[Data items]
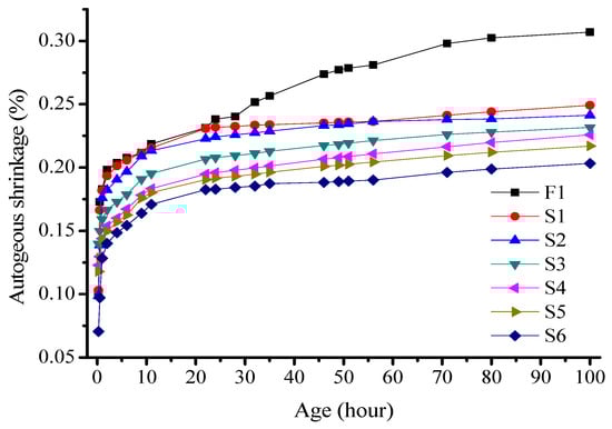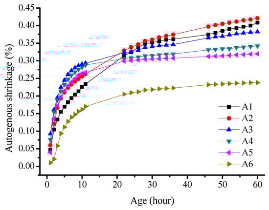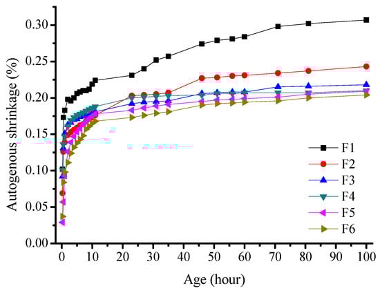 The deformation curve of the sample was divided into two stages, with distinct differences in the change rate of the autogenous shrinkage. The autogenous shrinkage of all the specimens increased with age, with rapid growth occurring within the first 10 h, and the growth rate plateaued after 60 h. In the first 10 h, the specimens with 80% fly ash content exhibited an autogenous shrinkage of 1618 × 10−6 mm/mm, which was 68% of that observed after 60 h. The autogenous shrinkage rate decreased with an increase in the fly ash content for over 60 h. Here, the autogenous shrinkage rate of the specimens with 80% fly ash content was 58% of that of the pure slag powder specimen with a similar cementitious system. When comparing the data of the systems with 80% and 100% slag powders, the shrinkage rate within the first 20 h was lower than that of the other groups. This may be due to the joint effects of chemical shrinkage and autogenous shrinkage caused by the hydration reaction of the samples, which consumes water from the internal pores.
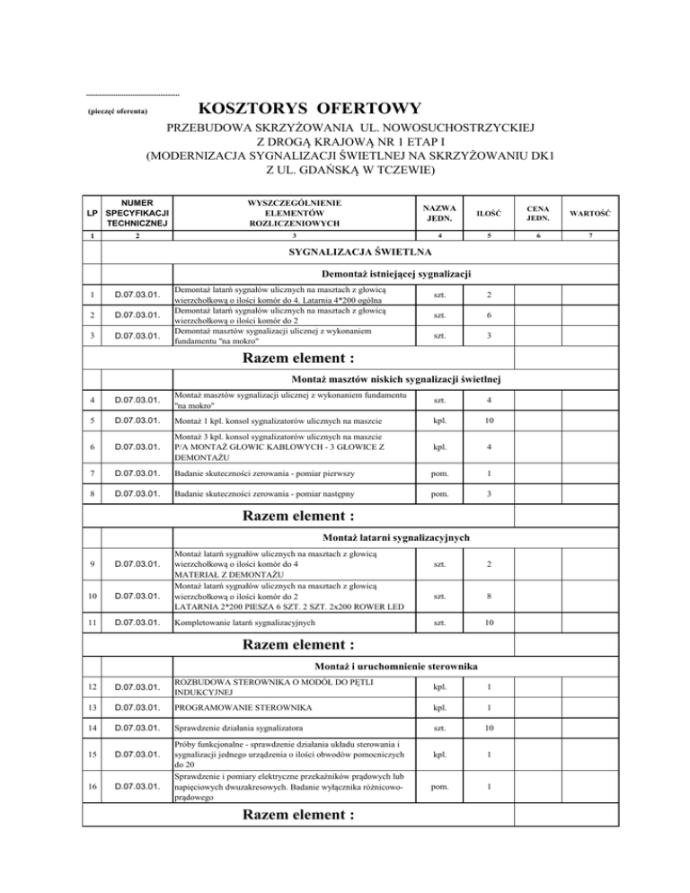 ................................................ (pieczęć oferenta) KOSZTORYS OFERTOWY PRZEBUDOWA SKRZYŻOWANIA UL. NOWOSUCHOSTRZYCKIEJ Z DROGĄ KRAJOWĄ NR 1 ETAP I (MODERNIZACJA SYGNALIZACJI ŚWIETLNEJ NA SKRZYŻOWANIU DK1 Z UL. GDAŃSKĄ W TCZEWIE) NUMER LP SPECYFIKACJI TECHNICZNEJ 1 2 WYSZCZEGÓLNIENIE ELEMENTÓW ROZLICZENIOWYCH NAZWA JEDN. ILOŚĆ CENA JEDN. WARTOŚĆ 3 4 5 6 7 SYGNALIZACJA ŚWIETLNA Demontaż istniejącej sygnalizacji 1 D.07.03.01. 2 D.07.03.01. 3 D.07.03.01. Demontaż latarń sygnałów ulicznych na masztach z głowicą wierzchołkową o ilości komór do 4. Latarnia 4*200 ogólna Demontaż latarń sygnałów ulicznych na masztach z głowicą wierzchołkową o ilości komór do 2 Demontaż masztów sygnalizacji ulicznej z wykonaniem fundamentu "na mokro" szt. 2 szt. 6 szt. 3 Razem element : Montaż masztów niskich sygnalizacji świetlnej 4 D.07.03.01. Montaż masztów sygnalizacji ulicznej z wykonaniem fundamentu "na mokro" 5 D.07.03.01. Montaż 1 kpl. konsol sygnalizatorów ulicznych na maszcie kpl. 10 6 D.07.03.01. Montaż 3 kpl. konsol sygnalizatorów ulicznych na maszcie P/A MONTAŻ GŁOWIC KABLOWYCH - 3 GŁOWICE Z DEMONTAŻU kpl. 4 7 D.07.03.01. Badanie skuteczności zerowania - pomiar pierwszy pom. 1 8 D.07.03.01. Badanie skuteczności zerowania - pomiar następny pom. 3 szt. 4 Razem element : Montaż latarni sygnalizacyjnych 9 D.07.03.01. 10 D.07.03.01. 11 D.07.03.01. Montaż latarń sygnałów ulicznych na masztach z głowicą wierzchołkową o ilości komór do 4 MATERIAŁ Z DEMONTAŻU Montaż latarń sygnałów ulicznych na masztach z głowicą wierzchołkową o ilości komór do 2 LATARNIA 2*200 PIESZA 6 SZT. 2 SZT. 2x200 ROWER LED Kompletowanie latarń sygnalizacyjnych szt. 2 szt. 8 szt. 10 Razem element : Montaż i uruchomnienie sterownika 12 D.07.03.01. ROZBUDOWA STEROWNIKA O MODÓŁ DO PĘTLI INDUKCYJNEJ kpl. 1 13 D.07.03.01. PROGRAMOWANIE STEROWNIKA kpl. 1 14 D.07.03.01. Sprawdzenie działania sygnalizatora szt. 10 15 D.07.03.01. kpl. 1 16 D.07.03.01. pom. 1 Próby funkcjonalne - sprawdzenie działania układu sterowania i sygnalizacji jednego urządzenia o ilości obwodów pomocniczych do 20 Sprawdzenie i pomiary elektryczne przekaźników prądowych lub napięciowych dwuzakresowych. Badanie wyłącznika różnicowoprądowego Razem element : Montaż sygnalizatorów akustycznych 17 D.07.03.01. Montaż sygnalizatora akustycznego sygnalizacji świetlnej szt. 4 Razem element : Budowa kanalizacji kablowej 18 D.07.03.01. Kopanie rowów dla kabli. Wykop wykonywany ręcznie, grunt kat. III. Próbne przekopy 19 D.07.03.01. Zasypanie rowów dla kabli. 20 D.07.03.01. 21 D.07.03.01. 22 D.07.03.01. 23 D.07.03.01. Budowa kanalizacji kablowej z rur PCW w gruncie kat III, liczba warstw w ciągu kanalizacji 1, liczba rur w warstwie 1, liczba otworów w ciągu kanalizacji 1. Budowa studni kablowych prefabrykowanych rozdzielczych SK-1 dwuelementowych, kat. gruntu III Budowa studni kablowych prefabrykowanych rozdzielczych SKR-1 dwuelementowych, kat. gruntu III Pomiary geodezyjne powykonawcze m3 1 m3 1 m 108 studnia 4 studnia 1 kpl. 1 Razem element : Układanie kabli w kanalizacji kablowej, masztach i rurach 24 D.07.03.01. 25 D.07.03.01. 26 D.07.03.01. 27 D.07.03.01. 28 D.07.03.01. 29 D.07.03.01. 30 D.07.03.01. 31 D.07.03.01. 32 D.07.03.01. 33 D.07.03.01. Układanie kabli wielożyłowych o masie do 1,0 kg/m w rurach, pustakach lub kanałach zamkniętych. Kabel YKSY30x1,5 Układanie kabli wielożyłowych o masie do 0,5 kg/m w rurach, pustakach Układanie kabli w rurach i kanalizacji kablowej. Kabel YStY 8x2,5 mm2 Układanie kabli w rurach i kanalizacji kablowej. Kabel YStY 6x2,5 mm2 Układanie kabli w rurach i kanalizacji kablowej. Kabel YStY 4x2,5 mm2 Układanie kabli w rurach i kanalizacji kablowej. Kabel YStY 2x2,5 mm2 Obróbka kabli sygnalizacyjnych wielożyłowych Obróbka na sucho kabli sygnalizacyjnych wielożyłowych bez pancerza na napięcie do 1kV, kabel nieuzbrojony o ilości żył do 32 Badanie linii kablowej sterowniczej. Kabel sygnalizacyjny w ilości zył 10. W tym dwukrotny pomiar pętli. Badanie linii kablowej średniego napięcia, niskiego napięcia i sterowniczej. Kabel sygnalizacyjny o ilości żył 30. m 80 m 35 m 45 m 25 m 115 m 61 szt. 4 szt. 6 odc. 11 odc. 3 Razem element : Wykonanie petli indukcyjnych 34 D.07.03.01. 35 D.07.03.01. 36 D.07.03.01. 37 D.07.03.01. WYKONANIE PĘTLI INDUKCYJNYCH W JEZDNI CZTEROZWOJOWYCH WYKONANIE PĘTLI INDUKCYJNYCH W JEZDNI TRZYZWOJOWA Wypełnienie szczelin głębokości 14 cm i szerokości 2 cm masą zalewową. Zalewanie pętli Mufy z tworzyw termokurczliwyxh przelotowe na kablach o izolacji i powłoce z tworzyw sztucznych w rowach kablowych. Mufa na kablu pętlowym. m 54 m 204 m 258 szt. 15 Razem element : OGÓŁEM CENA NETTO : (podpis i pieczęć oferenta)
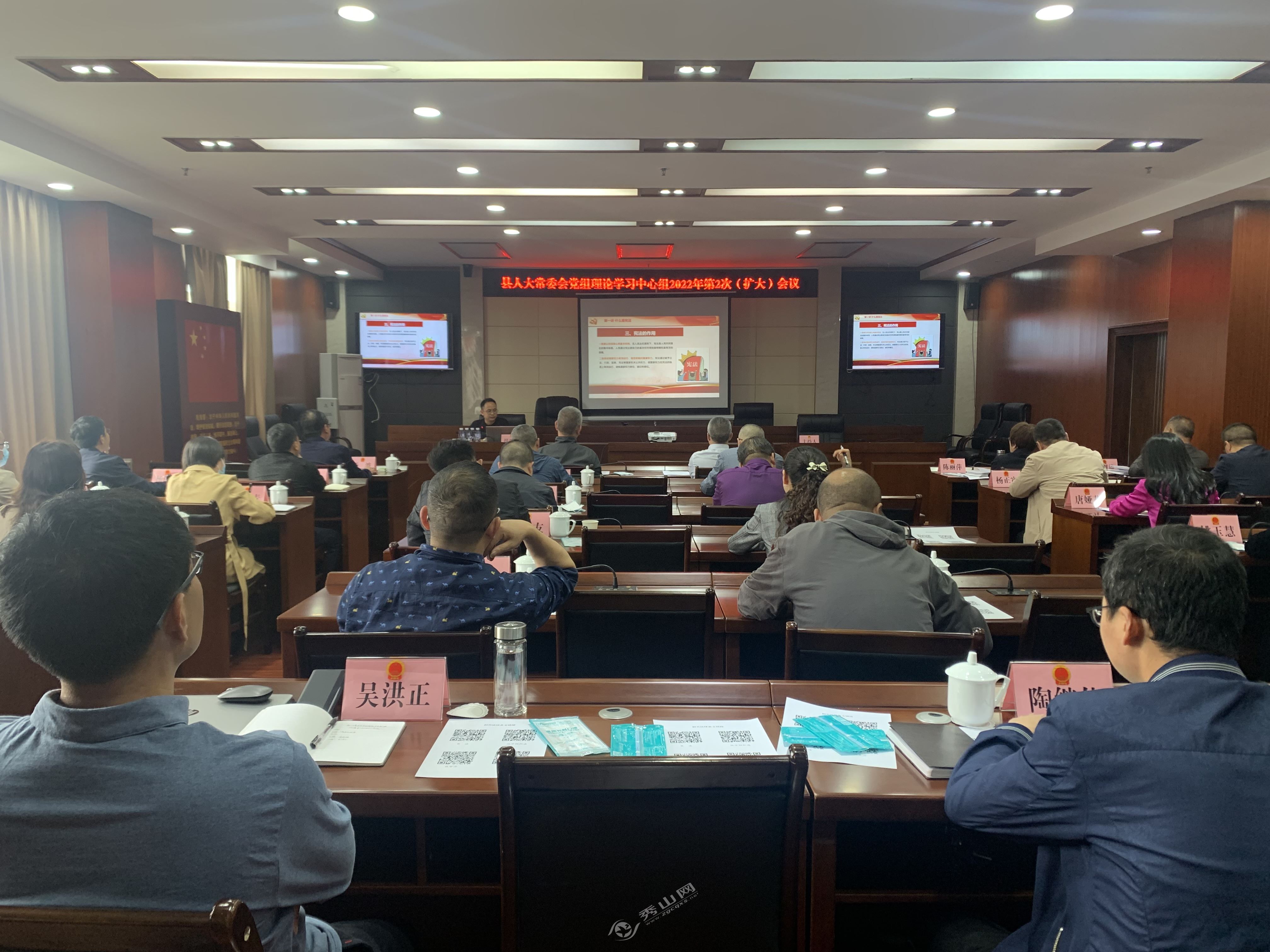 秀山网讯 4月12日,县人大常委会党组理论学习中心组召开2022年第2次(扩大)会议,学习宪法以及人大工作常用法律。县人大常委会党组书记、主任周传明主持会议,县人大常委会副主任陈山鹰、陈丽萍、杨波、龚剑雄出席会议。
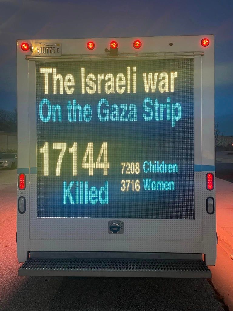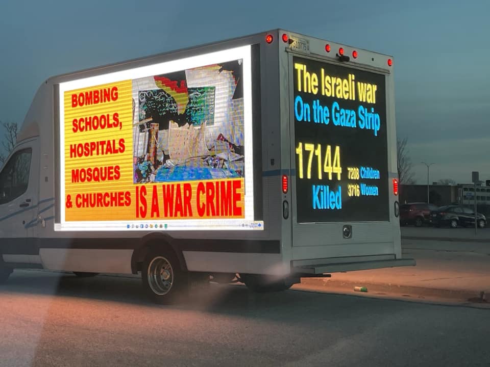 Categories Uncategorized Milwaukee, WI: Stop the U.S.-Israeli Genocidal Apartheid! – Free Palestine! Car Caravan 11/24/23 Post author By wibailoutpeople Post date November 24, 2023 Stop the U.S. – Israeli genocidal apartheid! Free Palestine! car caravan 11/24/23 Share this: Share on X (Opens in new window) X Share on Facebook (Opens in new window) Facebook Like Loading... Related ← Free Palestine drive thru solidarity and solidarity with Starbucks workers in Milwaukee 11/24/23! – No pride in occupation! → Thousands March in Havana for Palestine
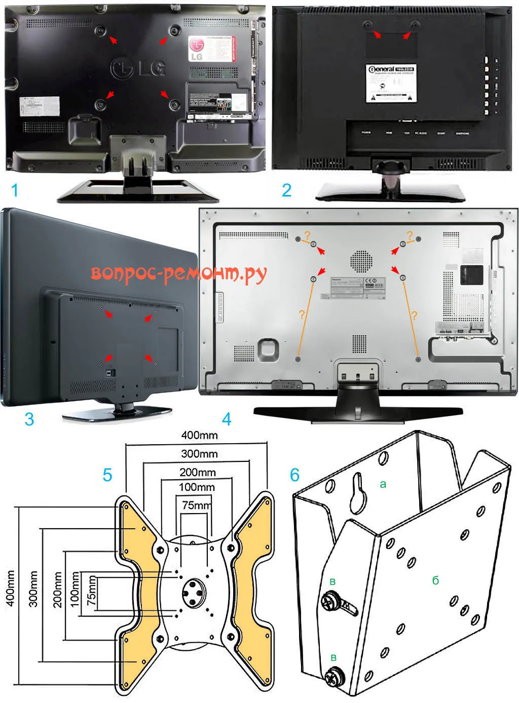 Точку в этом вопросе поставила организация VESA, разработав единственную для всех производителей таблицу. В ней указываются расположение отверстий на задней панели телевизора и их диаметр, которые, в свою очередь, должны соответствовать телевизорам и компьютерным мониторам с соответствующими габаритами и весом.
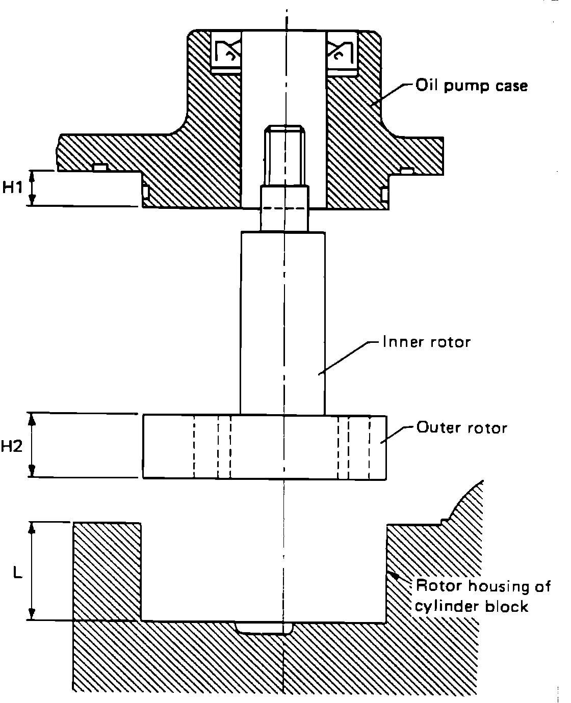 1. Measure total height of case projection (H1) plus oil pump inner and outer rotors (H2).
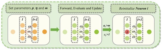 30]. To enhance the agent’s adaptability to dynamic environments and facilitate efficient exploration, this study integrates continual backpropagation (CBP) into the PPO framework. Unlike conventional approaches that freeze network weights after training, CBP reinitializes neurons at the structural level to preserve architectural diversity.
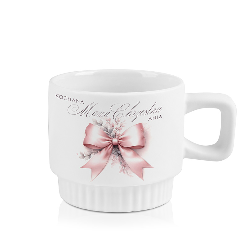 Kubek wykonany został z wysokiej jakości ceramiki w białym kolorze. Posiada charakterystyczny ryflowany dół, który dodaje mu nowoczesnego wyglądu. Na froncie znajduje się napis: „Kochana Mama Chrzestna” oraz imię. Personalizacja sprawia, że kubek staje się naprawdę osobisty. Na kubku znalazła się także ciekawa grafika przedstawiająca różową kokardę.  Całość utrzymana jest w pastelowych barwach.
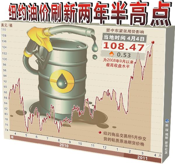 首先,近一段時間以來,受中東、北非特別是利比亞局勢動蕩影響,國際市場油價繼續(xù)大幅攀升。3月初,美國西德克薩斯原油和英國北海布倫特原油期貨價格分別達到每桶105美元和116美元,為2008年9月底以來的最高點,之后持續(xù)在每桶100美元和110美元以上的高位運行。多數(shù)機構預測,利比亞政局動蕩對石油市場的影響短期內(nèi)不會消除,加之日本災后重建和替代核電對石油的需求可能明顯增加,今后一段時間國際市場油價將繼續(xù)呈現(xiàn)高位運行態(tài)勢。

# EXERCISE GOAL:
In the entries above, find the line containing "Kubek wykonany został", then please retype it and every line after it through the last, exactly as written, omitting pictures.

# EXERCISE SOLUTION:
 Kubek wykonany został z wysokiej jakości ceramiki w białym kolorze. Posiada charakterystyczny ryflowany dół, który dodaje mu nowoczesnego wyglądu. Na froncie znajduje się napis: „Kochana Mama Chrzestna” oraz imię. Personalizacja sprawia, że kubek staje się naprawdę osobisty. Na kubku znalazła się także ciekawa grafika przedstawiająca różową kokardę.  Całość utrzymana jest w pastelowych barwach.
 首先,近一段時間以來,受中東、北非特別是利比亞局勢動蕩影響,國際市場油價繼續(xù)大幅攀升。3月初,美國西德克薩斯原油和英國北海布倫特原油期貨價格分別達到每桶105美元和116美元,為2008年9月底以來的最高點,之后持續(xù)在每桶100美元和110美元以上的高位運行。多數(shù)機構預測,利比亞政局動蕩對石油市場的影響短期內(nèi)不會消除,加之日本災后重建和替代核電對石油的需求可能明顯增加,今后一段時間國際市場油價將繼續(xù)呈現(xiàn)高位運行態(tài)勢。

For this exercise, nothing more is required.